Lagi-lagi kesalah pahaman terjadi akibat ulah Marcell dan Vian, sama seperti beberapa tahun yang lalu.


Keesokannya, Nuna datang ke kampus Arby dan melabrak cewek yang bernama Angel.


"Dasar cewek ganjen, bisa-bisanya kamu hodain Arby. Arby tuh milik Freya, tahu enggak. Kamu tuh enggak ada apa-apanya dibandingkan dengan Freya.

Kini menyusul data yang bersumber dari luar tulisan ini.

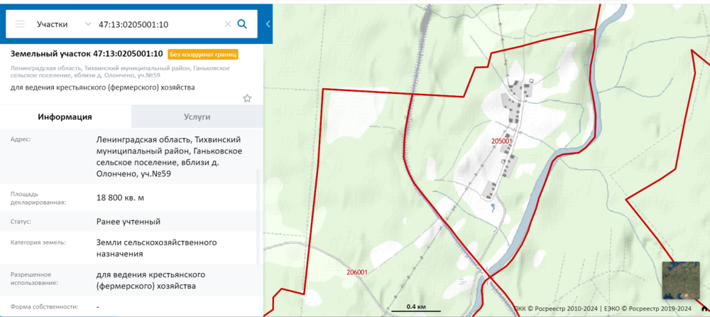 Земельный участок, площадь: 18 800м?, адрес (местонахождение): Ленинградская область, Тихвинский муниципальный район, Ганьковское сельское поселение, вблизи д. Олончено, уч.№59, категория земель: Земли сельскохозяйственного назначения, разрешенное использование: для ведения крестьянского (фермерского) хозяйства, кадастровый номер: 47:13:0205001:10

Terjadilah aksi saling cakar, jambak dan caci maki dengan mengabsen kebun binatang. Membuat Arby dan Ikmal kualahan menengahi mereka. Angel yang didukung oleh ketiga temannya, menyerang Nuna yang tak kalah garang, apalagi dia juga bisa bela diri sama seperti Freya.


" Ya ampun Ar, kemarin Freya, sekarang Nuna. Makanya kalau sudah sold out, jangan tebar pesona. Repot sendiri kan kamu jadinya."


Arby hanya mendengkus pada Vian dan Marcell yang baru datang, bukannya bantuin, malah ngerocos.